Published: University of Edinburgh 1979
Subjects:
Online Access:http://ethos.bl.uk/OrderDetails.do?uin=uk.bl.ethos.666278
Description
Summary:In a study concluded in 1971, a consecutive series of patients admitted to Ward 1 of the Professorial Unit, Royal Edinburgh Hospital, had been assessed using psychological tests relevant to personality and to psychiatric illness (i.e. the Symptom-Sign Inventory, the Hostility and Direction of Hostility Questionnaire and the 16PF). The present study was an attempt to re-assess this cohort of patients three years after the key admission. The focus of interest was the relationship between personality and psychiatric illness. One of the most commonly emphasised distinctions between personality and illness is the relative persistence of the former and transience of the latter.
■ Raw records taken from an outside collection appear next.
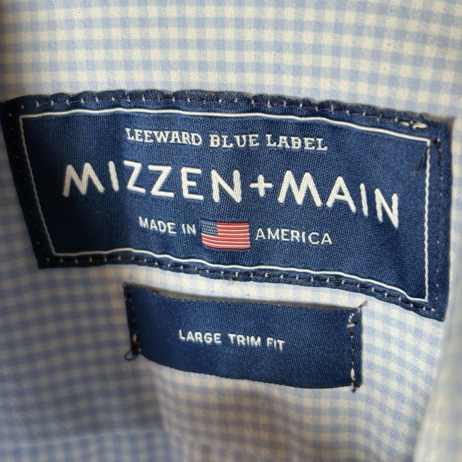 Mizzen Main Blue Label Leeward Gingham Check Dress Shirt Men s Large Trim Fit
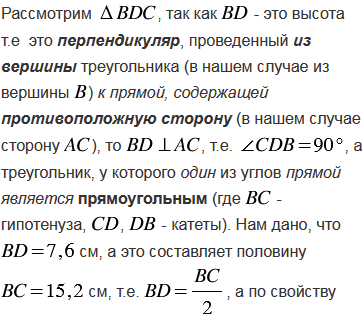 Высота, проведенная к основанию равнобедренного треугольника, равна 7,6 см, а боковая сторона треугольника равна 15,2 см. Найдите углы этого треугольника.
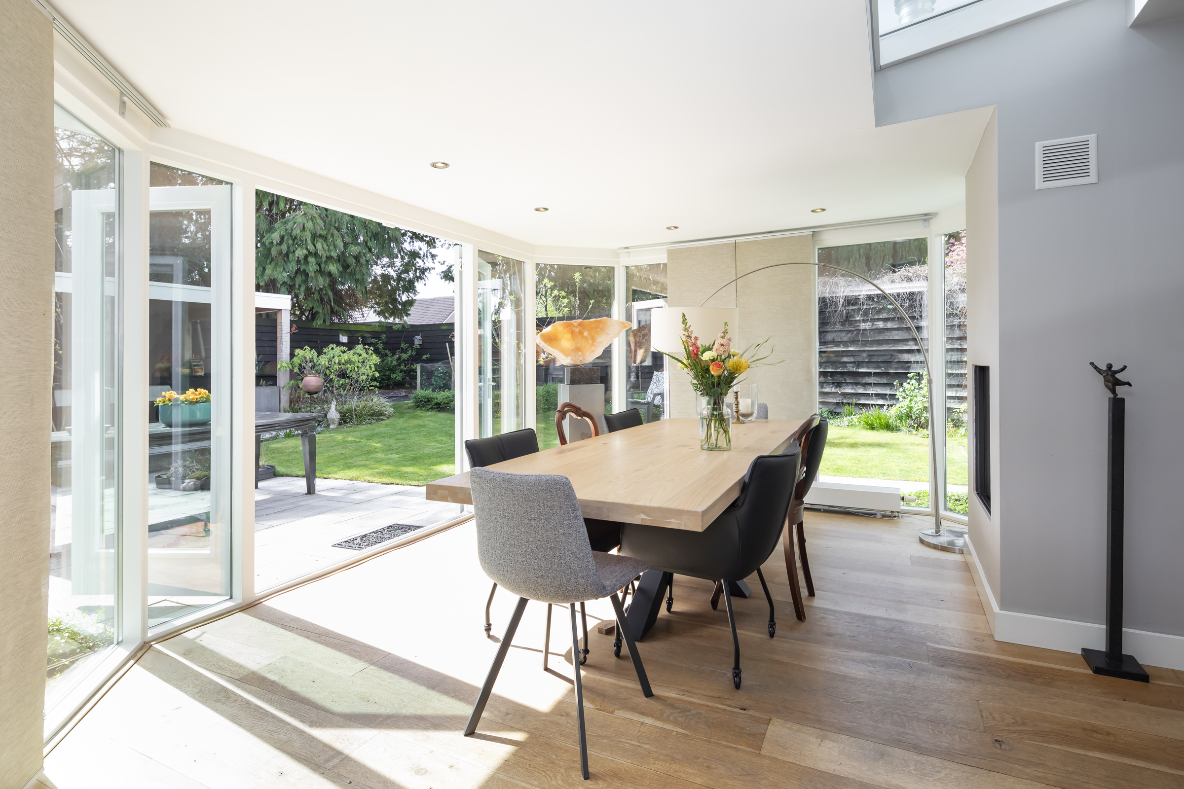 Renovated in 2021, the ground floor flows from a light filled living room with a glass front and garden views, into a spacious kitchen with a striking island, composite surfaces, and high quality appliances. Multiple garden doors open to the southwest facing landscaped garden, framed by an inviting veranda for year round enjoyment. A separate ground floor wing features a bedroom and bathroom suite with direct garden connection, while upstairs, three further bedrooms and a second bathroom enhance flexibility.
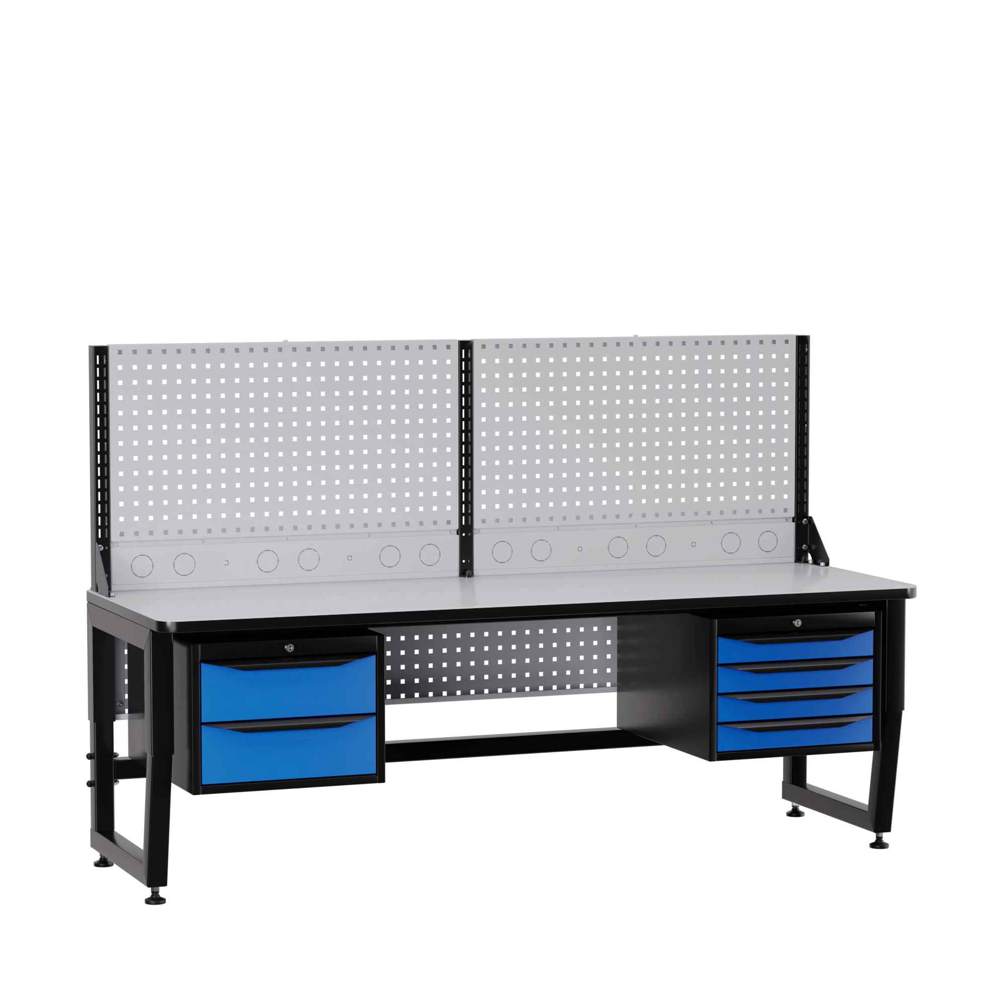 Несущая конструкция стола – это промышленный ESD каркас. Сочетание опорных, несущих и усиливающих элементов из металла, обеспечивают высокую надежность конструкции при интенсивной промышленной эксплуатации с распределенными нагрузками на рабочее место до 300 кг.  Регулируемые опоры с возможностью плавной регулировки по высоте позволяют установить удобную высоту рабочей поверхности от 700мм до 850мм. Специальное ESD полимерное покрытие элементов каркаса с  сопротивлением 1 МОм обеспечивают антистатические свойства изделия<br />

By obtaining longer-term test-retest data, it was hoped to be able to identify satisfactory measures of personality and illness. Given such measures, it was intended to investigate whether personality, especially traits associated with psychopathy, had prognostic significance separable from that of illness. It was also intended to investigate whether personality could be shown to be relevant to illness aetiology. The main results were as follows: 1) The longer-term data on stability/change generally confirmed the findings of previous studies which had employed short test-retest intervals and so it was possible to identify measures of personality and illness. In addition, for some measures, previous contradictory evidence as to their personality/illness status was clarified. 2) Both personality and illness measures were predictive of illness outcome. However, personality measures related to psychopathy had associations with outcome separable from those of illness measures. The combination of marked degree of illness and deviance on traits related to psychopathy had associations with poor outcome. 3) None of the measures had relevance for the understanding of predisposition to become psychiatrically ill. The trait components of measures of intro-punitiveness and anxiety, and also some measures connected with extraversion, appeared to have relevance to predisposition to become more or less severely ill when 'breakdown' occurred.